Sync also allows creating and dropping indexes at any point, whereas I believe JSONStore requires defining indexes when creating a collection.
Sync
Both Cloudant Sync and JSONStore were designed around the idea of storing data from remote services locally on the device for offline use, or just to make manipulating the data quicker for users.
We originally designed Cloudant Sync (CDTDatastore on iOS, sync-android on Android) with the purpose of synchronising data with a remote Cloudant or CouchDB server. When used with Cloudant/CouchDB, Cloudant Sync supports automatic, incremental synchronisation as local and remote data changes. Cloudant Sync also has a powerful and flexible model, taken from CouchDB, for resolving changes concurrently made on different servers and devices asynchronously. When used together, the Cloudant Sync + Cloudant/CouchDB are a powerful combination, and uses a reliable and long-in-production sync protocol.
As you found, JSONStore, on the other hand, is more agnostic as to what its remote database is. This, however, comes at the cost of sync being a fairly manual process -- importantly, though, JSONStore's data model provides capabilities to significantly help with the process.
The key piece here is that JSONStore can tell you the documents that have changed locally, so you can incrementally upload only changed data.
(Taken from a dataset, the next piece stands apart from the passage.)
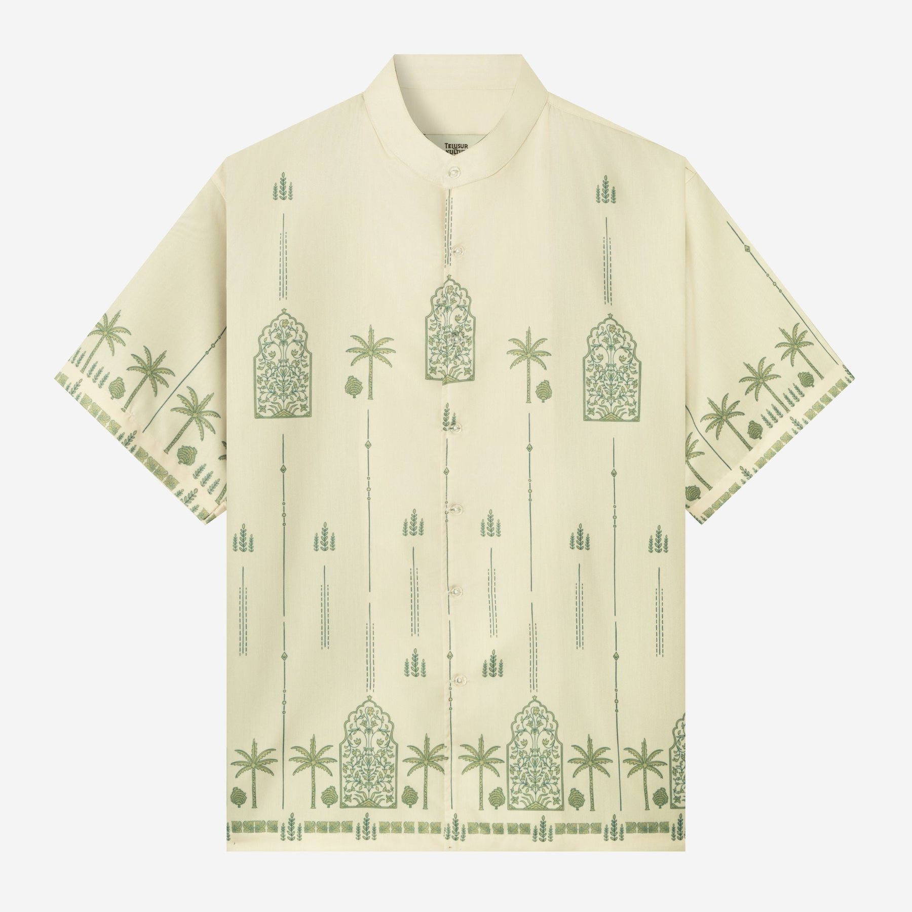 Corak Nusantara Kemeja Pria Lengan Pendek - Taman Putih

But unless your remote database supports a similar capability of streaming changed data to the client, you have to either send full data snapshots or include the necessary data in your data model to allow for only changed data to be sent (and implement the server-side piece to allow for that to be queried and calculated). JSONStore doesn't support conflict resolution out of the box.
We provide similar client-accessible hooks for working out locally changed data in Cloudant Sync -- these are used by our own sync engine -- but they are in a rawer and less documented form than JSONStore's, so we generally recommend sticking with the better documented JSONStore. If you want to try out Sync's hooks, the docs for the iOS version are here.
In summary, if you're working with Cloudant/CouchDB, I suggest Cloudant Sync. If you're working with another datastore, JSONStore may be easier to get started with.
Security
Both JSONStore and Cloudant Sync support encrypting data on the client. Both use SQLCipher for encrypting JSON data. Additionally, Cloudant Sync can store "attachments" -- small binary blobs associated with JSON data -- which are also encrypted. JSONStore cannot store binary data.
When used alongside MobileFirst's client-side SDKs, JSONStore can be used in a FIPS 140-2 solution on MF's supported platforms. MF ships a self-contained OpenSSL binary for this.
Cloudant Sync uses SQLCipher and CommonCrypto on iOS. SQLCipher can be bought commercially in a FIPS 140-2 version and used with Cloudant Sync. Certain versions of CommonCrypto are FIPS 140-2 validated (see Apple's docs for more). Cloudant Sync for iOS uses exclusively FIPS 140-2 mandated crypto suites where it chooses them for itself.
On Android, Cloudant Sync again uses SQLCipher, with the same FIPS 140-2 version available for developers to integrate. Android Sync uses javax.crypto to encrypt attachments, however, which is usually not provided in a FIPS 140-2 validated version by vendors. Again, the Sync code uses FIPS 140-2 mandated suites (at the time of writing!).
What this means is that the situation is more complicated for Cloudant Sync and we've not yet been able to fully confirm our status w.r.t. FIPS 140-2. However, the actual security of the on-device encryption used in JSONStore and Cloudant Sync is identical.
The summary here is basically that if you don't need FIPS 140-2, go for whichever library is more suitable for your needs or has a function you require. JSONStore is currently recommended for FIPS 140-2 requirements as it's been fully vetted.
Platform support & Hybrid
JSONStore supports several platforms. Cloudant Sync is exclusively iOS and Android.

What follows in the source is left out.